Source data:
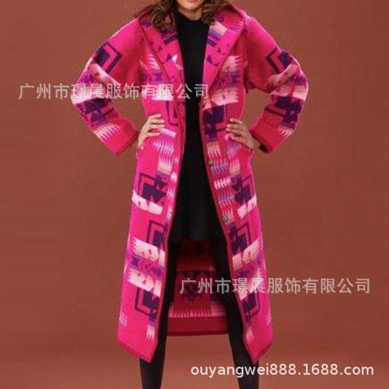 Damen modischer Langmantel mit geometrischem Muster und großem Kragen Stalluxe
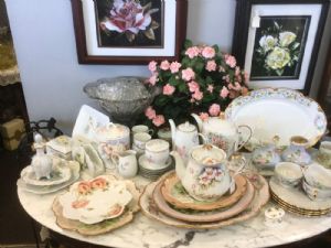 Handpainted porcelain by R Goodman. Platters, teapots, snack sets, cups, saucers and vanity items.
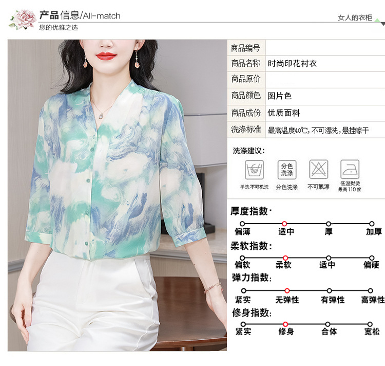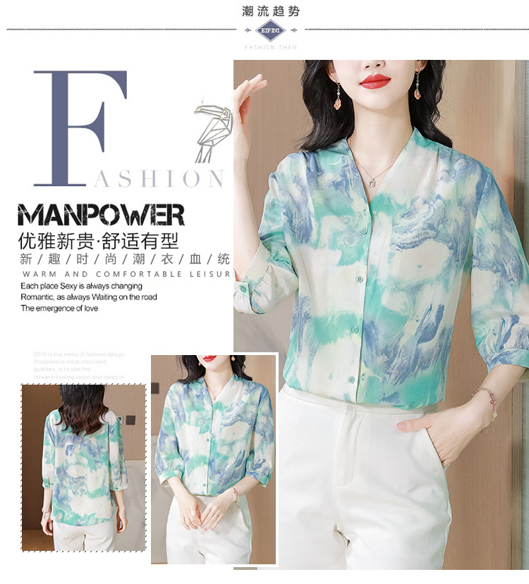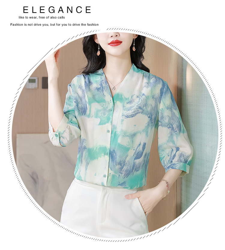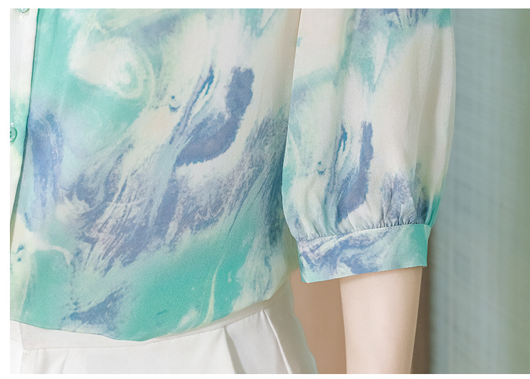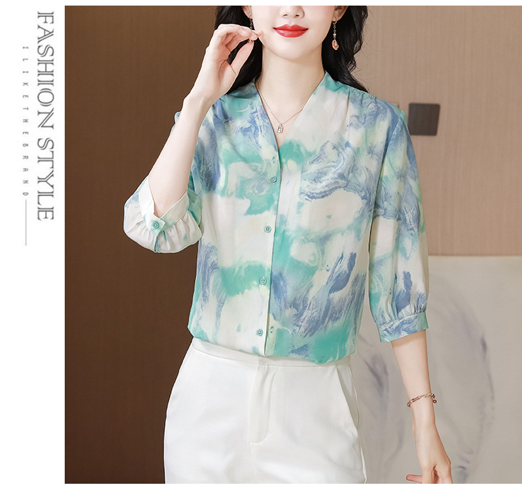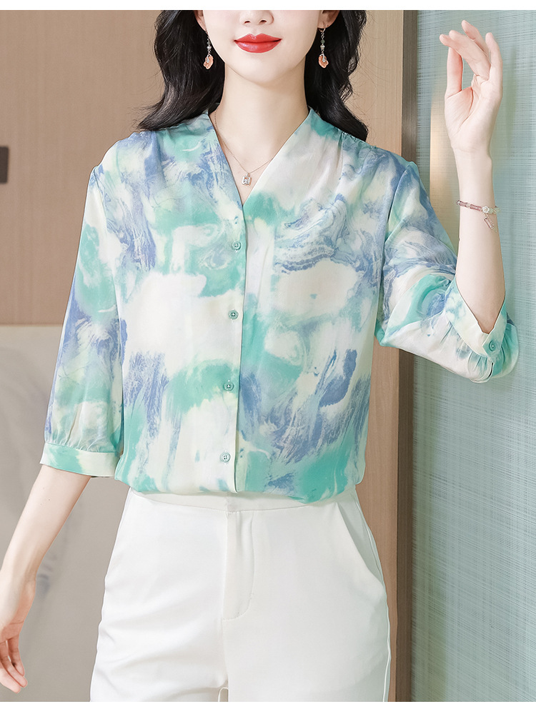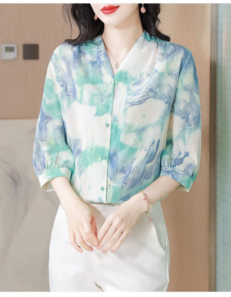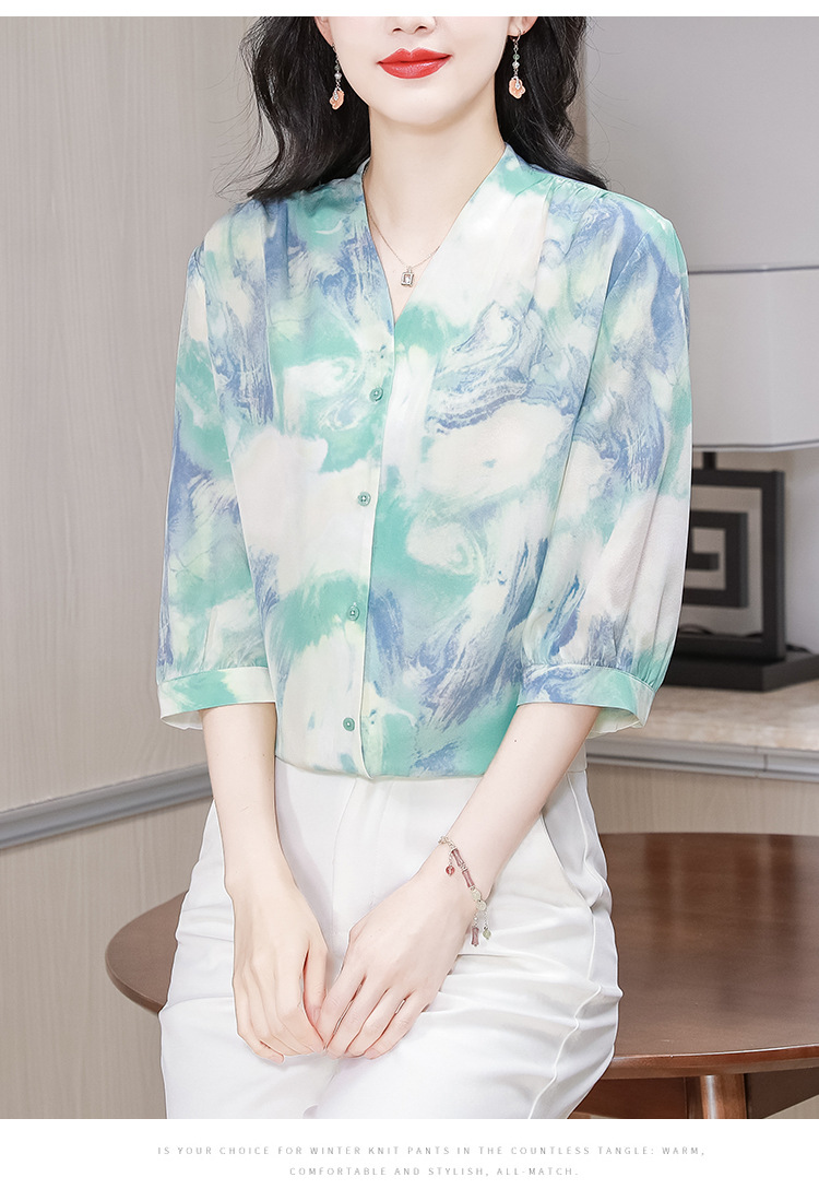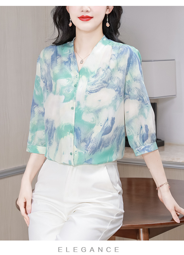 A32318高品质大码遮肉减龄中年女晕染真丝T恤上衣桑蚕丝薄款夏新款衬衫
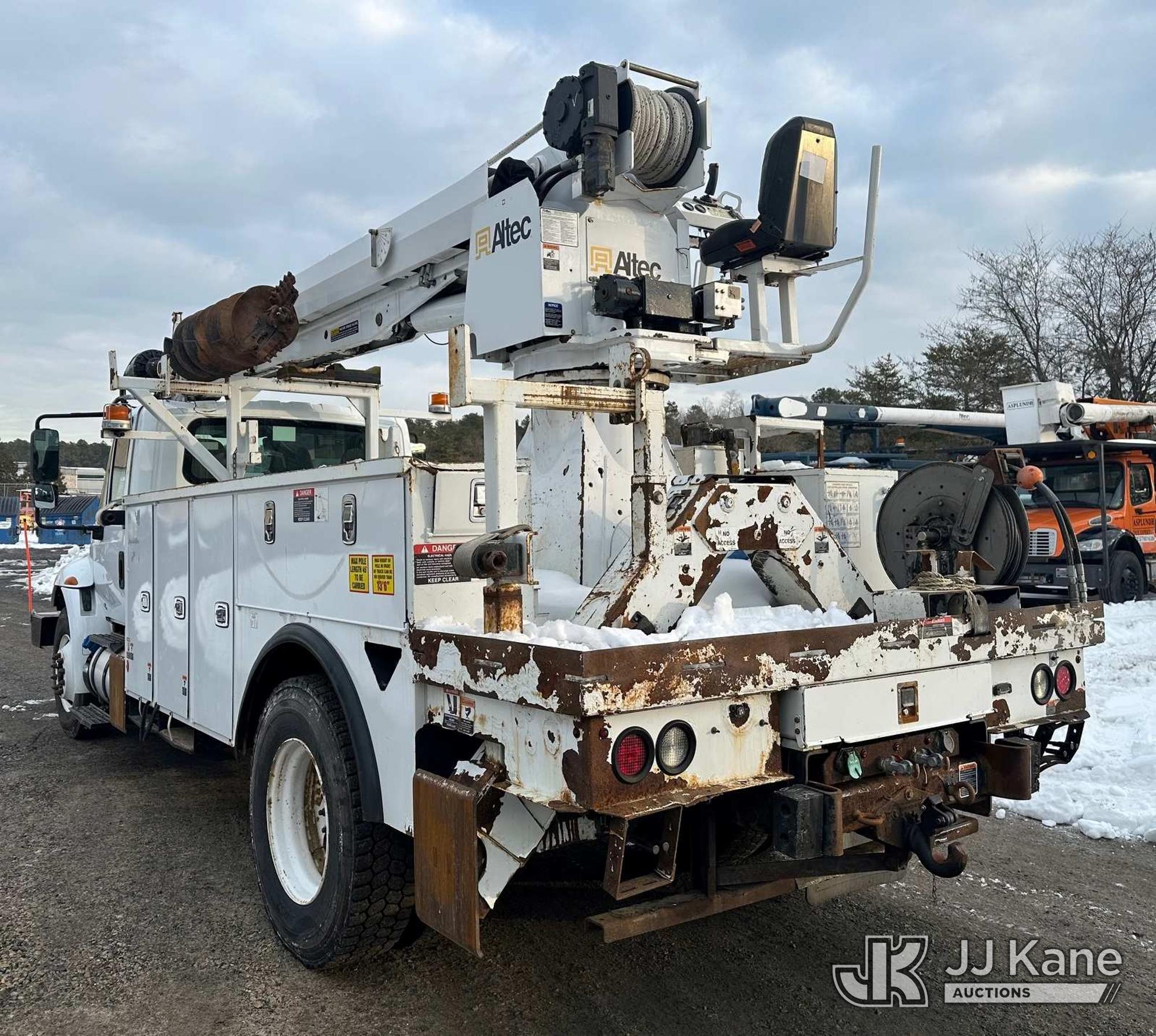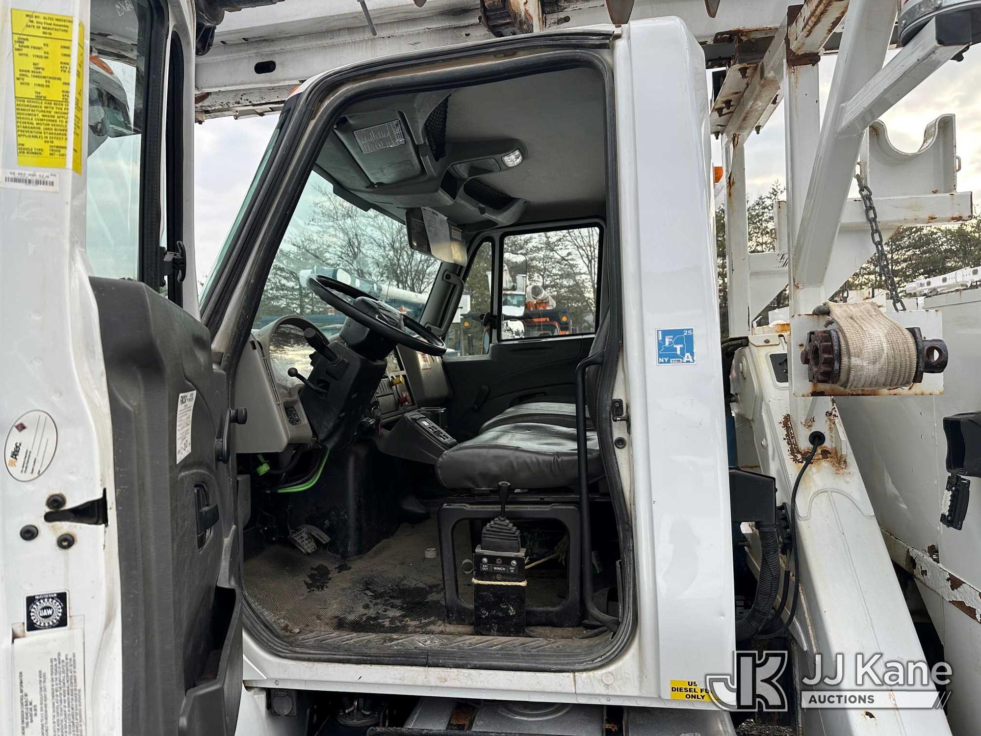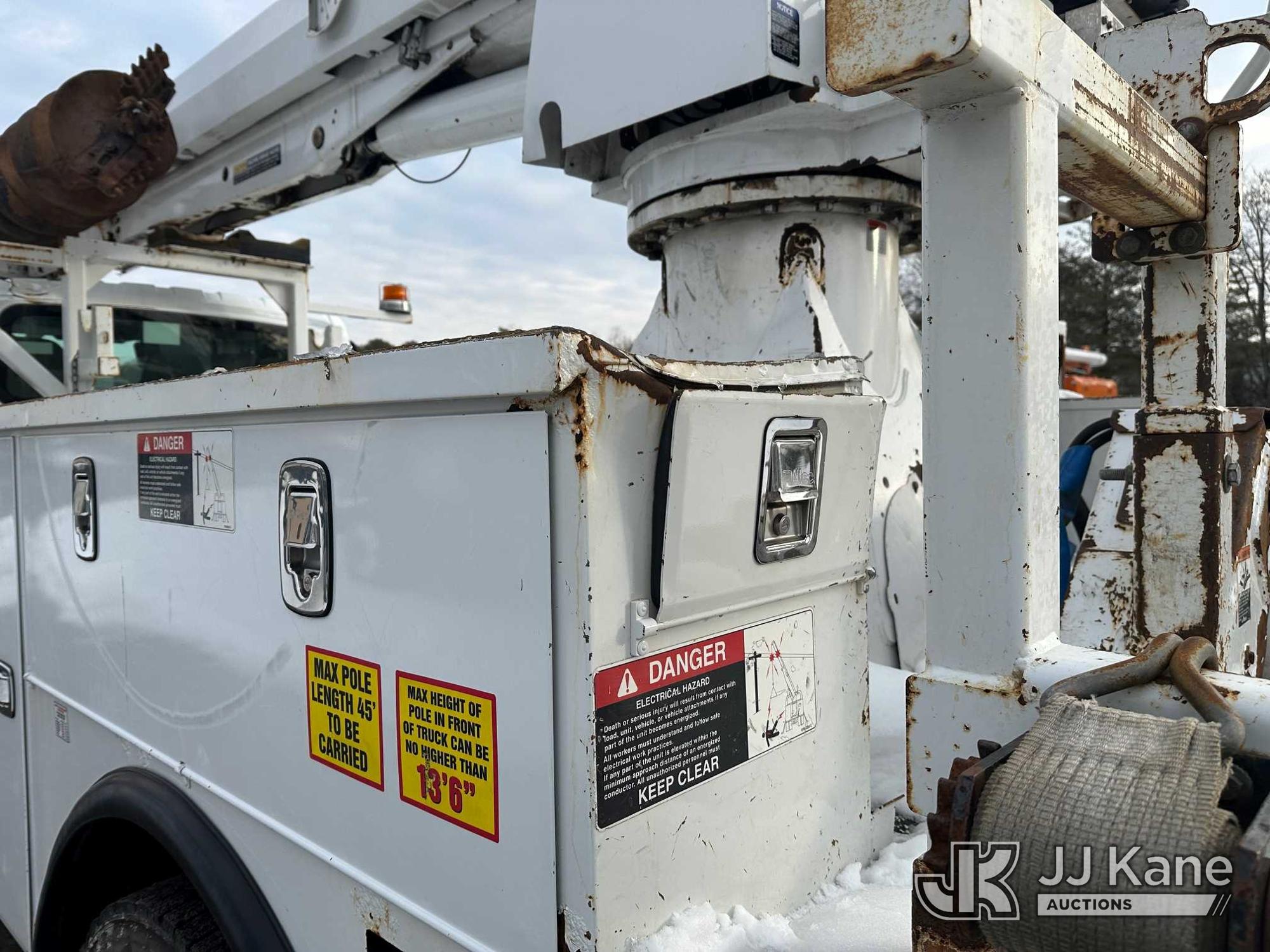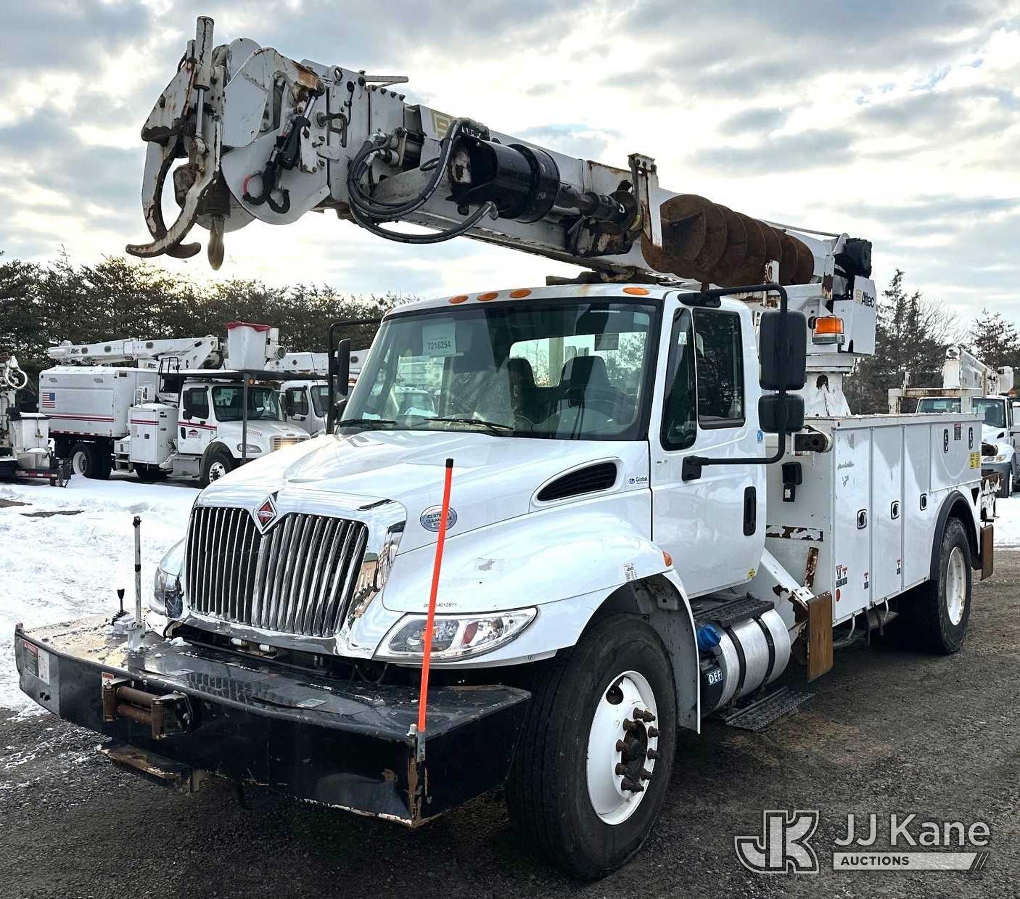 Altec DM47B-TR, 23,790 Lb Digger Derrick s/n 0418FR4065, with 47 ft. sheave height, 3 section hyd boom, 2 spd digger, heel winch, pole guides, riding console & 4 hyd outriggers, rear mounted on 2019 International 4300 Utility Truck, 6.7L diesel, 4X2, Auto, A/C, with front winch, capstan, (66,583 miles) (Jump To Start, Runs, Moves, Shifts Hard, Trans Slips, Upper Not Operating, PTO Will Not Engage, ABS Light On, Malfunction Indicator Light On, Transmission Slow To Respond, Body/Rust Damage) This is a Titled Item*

Assignment: Please reprint the whole listing exactly and omit its pictures.

Written reply:
 Damen modischer Langmantel mit geometrischem Muster und großem Kragen Stalluxe
 Handpainted porcelain by R Goodman. Platters, teapots, snack sets, cups, saucers and vanity items.
 A32318高品质大码遮肉减龄中年女晕染真丝T恤上衣桑蚕丝薄款夏新款衬衫
 Altec DM47B-TR, 23,790 Lb Digger Derrick s/n 0418FR4065, with 47 ft. sheave height, 3 section hyd boom, 2 spd digger, heel winch, pole guides, riding console & 4 hyd outriggers, rear mounted on 2019 International 4300 Utility Truck, 6.7L diesel, 4X2, Auto, A/C, with front winch, capstan, (66,583 miles) (Jump To Start, Runs, Moves, Shifts Hard, Trans Slips, Upper Not Operating, PTO Will Not Engage, ABS Light On, Malfunction Indicator Light On, Transmission Slow To Respond, Body/Rust Damage) This is a Titled Item*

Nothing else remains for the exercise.